Reham Mohamed and Arjun Arunasalam, Purdue University; Habiba Farrukh, University of California, Irvine; Jason Tong, Antonio Bianchi, and Z. Berkay Celik, Purdue University
Apple introduced the App Tracking Transparency (ATT) framework in iOS 14.5. The goal of this framework is to mitigate user concerns about how their privacy-sensitive data is used for targeted advertising. Through this framework, the OS generates an ATT alert to request user permission for tracking. While this alert includes developer-controlled alert text, Apple mandates this text adheres to specific guidelines to prevent users from being coerced into unwillingly granting the ATT permission for tracking. However, to improve apps' monetization, developers may incorporate dark patterns in the ATT alerts to deceive users into granting the permission.

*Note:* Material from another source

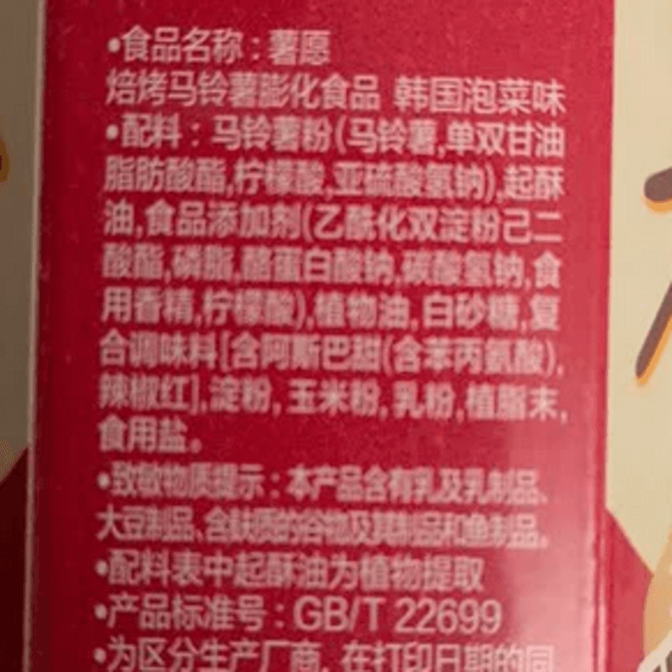【中國直郵】 好麗友中國 薯願洋芋片泡菜口味 97克

To understand the prevalence and characteristics of such dark patterns, we first study Apple's alert guidelines and identify four patterns that violate standards. We then develop ATTCLS, an ATT alert classification framework that combines contrastive learning for language modeling with a fully connected neural network for multi-label alert pattern classification. Finally, by applying ATTCLS to 4,000 iOS apps, we reveal that 59% of the alerts use four dark patterns that either mislead users, incentivize tracking, include confusing terms, or omit the purpose of the ATT permission.
We then conduct a user study with 114 participants to examine users' understanding of ATT and how different alert patterns can influence their perception. This study reveals that ATT alerts used by current apps often deceive or confuse users. For instance, users can be misled into believing that granting the ATT permission guarantees better app features or that denying it protects all of their sensitive data. We envision that our developed tools and empirical results will aid mobile platforms to refine guidelines, introduce a strict vetting process, and better design privacy-related prompts for users.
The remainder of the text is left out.